I’ve now seen the new Boggart Sourcebook. The unglue.it aggregator has it and usefully offers a “Save to Dropbox” feature that works in getting the PDF file. The normal PDF download is still not working.
The new book has the usual Kidsgrove boggart article and gives it as a good fully transcribed text…
* ‘Up and Down the Country: Ranscliff’, Staffordshire Sentinel and Commercial and General Advertiser, 6th December 1879.
It also brings to light…
* A newspaper article on a Harecastle tunnel rape trial (Wolverhampton Chronicle and Staffordshire Advertiser, 16th August 1843, page 4), which shows the lore was well-know to boatmen in 1843.
* Leese, Philip R. The Kidsgrove Boggart and the Black Dog, Stafford: Staffordshire Libraries, 1989.
Full title of the latter is found to be: Philip R. Leese, The Kidsgrove Boggart and the Black Dog: A Version of the Story and an Examination of the Written Source. A 32 page booklet. This is new to my North Staffordshire Folk-lore bibliography, and will be in the next edition.
Not published as full-text or identified as North Staffordshire in the Boggart Sourcebook is the reference…
* Wigfull, Chas. S. ‘Alton Addenda’, Derbyshire Advertiser, 6th May 1927, page 31.
I suspected this was Alton in the Moorlands. Cross-referencing this with the list of ‘Boggart Names’ in the book shows that this newspaper article had noted a named “Barberry Gutter Boggart”. This gave me a lead to follow. Folk-lore journal (1941) usefully stated that the Gutter was located “on the road from Alton to Farley”. In Folk-lore, the places referenced either side show that the Manifold Valley area is under discussion. Hence, this is Staffordshire’s Alton and not some other Alton.
The new book offers a useful ‘Boggart Census’ for Derbyshire, none of which are items shading over toward Staffordshire. The same is true of Cheshire. It then appears our Kidsgrove Boggart is very much an outlier.
But my above winkling out of the “Barberry Gutter Boggart” at Alton now gives North Staffordshire one more boggart.
Where, then, is or was the Barberry Gutter? Folk-lore tells us this was “on the road from Alton to Farley”, and interestingly one also finds there a headless horseman riding a white horse and clad in armour (again, according to Folk-lore). Such rural tales are admittedly common and often late confabulations, but it might be interesting to know if it can be found before the re-discovery of the very nearby head-chopping tale of Sir Gawain and the Green Knight.
A study of local molluscs for the journal of the North Staffordshire Field Club (1921) adds a little more data to the location of this Gutter. The diligent mollusc-hunter Mr Atkins noted a colony thriving under damp fir-bark at Alton on or near the…

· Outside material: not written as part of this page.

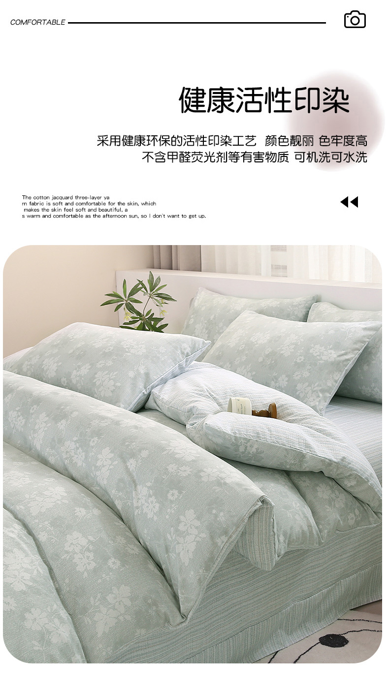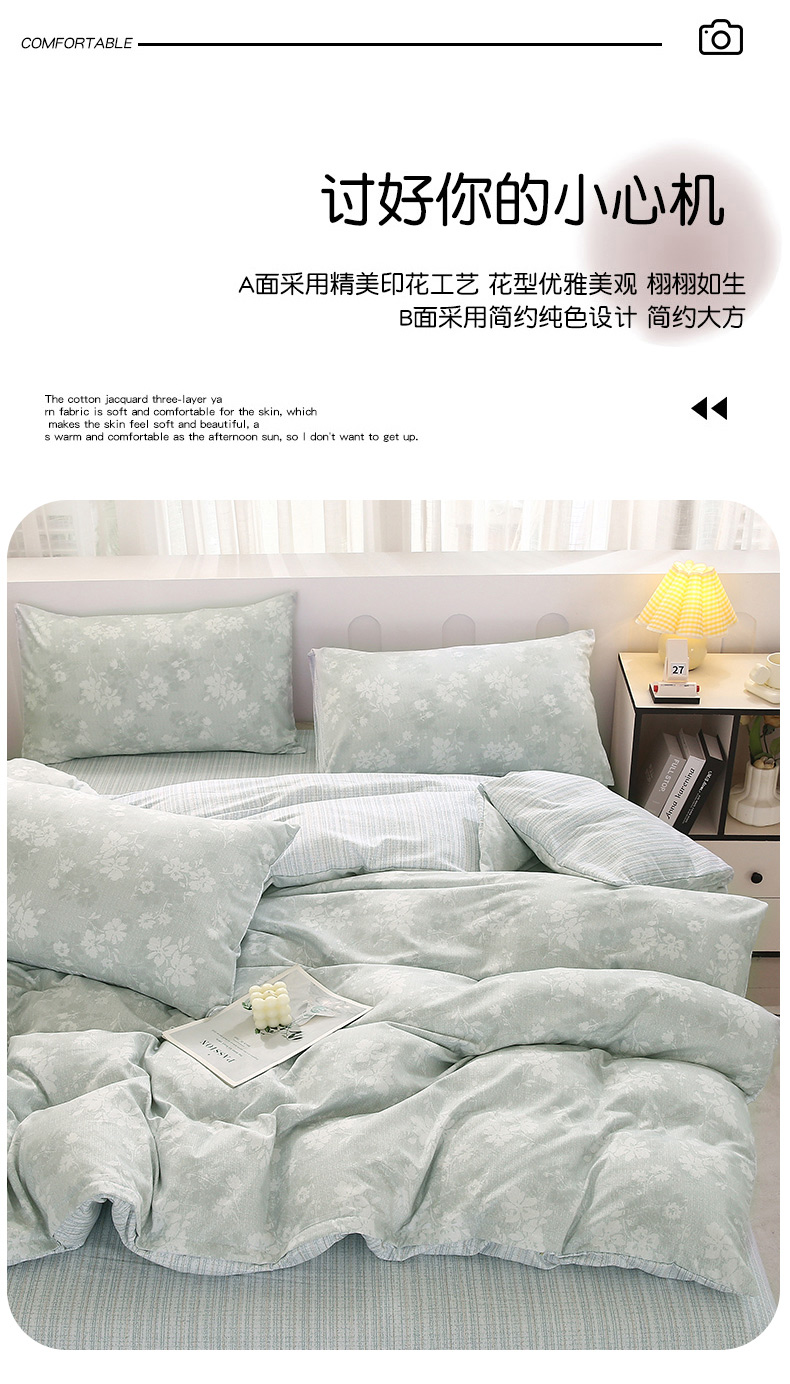 织写 2025新款A类双层纱针织棉四件套床单四件套床单四件套小清新四件套 琉璃,琉璃

Earl’s Drive, Barberry Gutter
The boggart could then be somewhere along the well-known “Earl’s Drive”. The drive having been built in the 1800s by the Earls of Shrewsbury, a lovely ride going over damp ground by a series of bridges. So far as I know this could also be used by the public.
An old map then reveals the correct location of the Gutter, seen here spelled as “Barbary” and in relation to the Towers and the Castle…
It is thus also the location of the “Chained Oak”.
(This modern Earl’s Drive is not to be confused with the medieval Earlsway).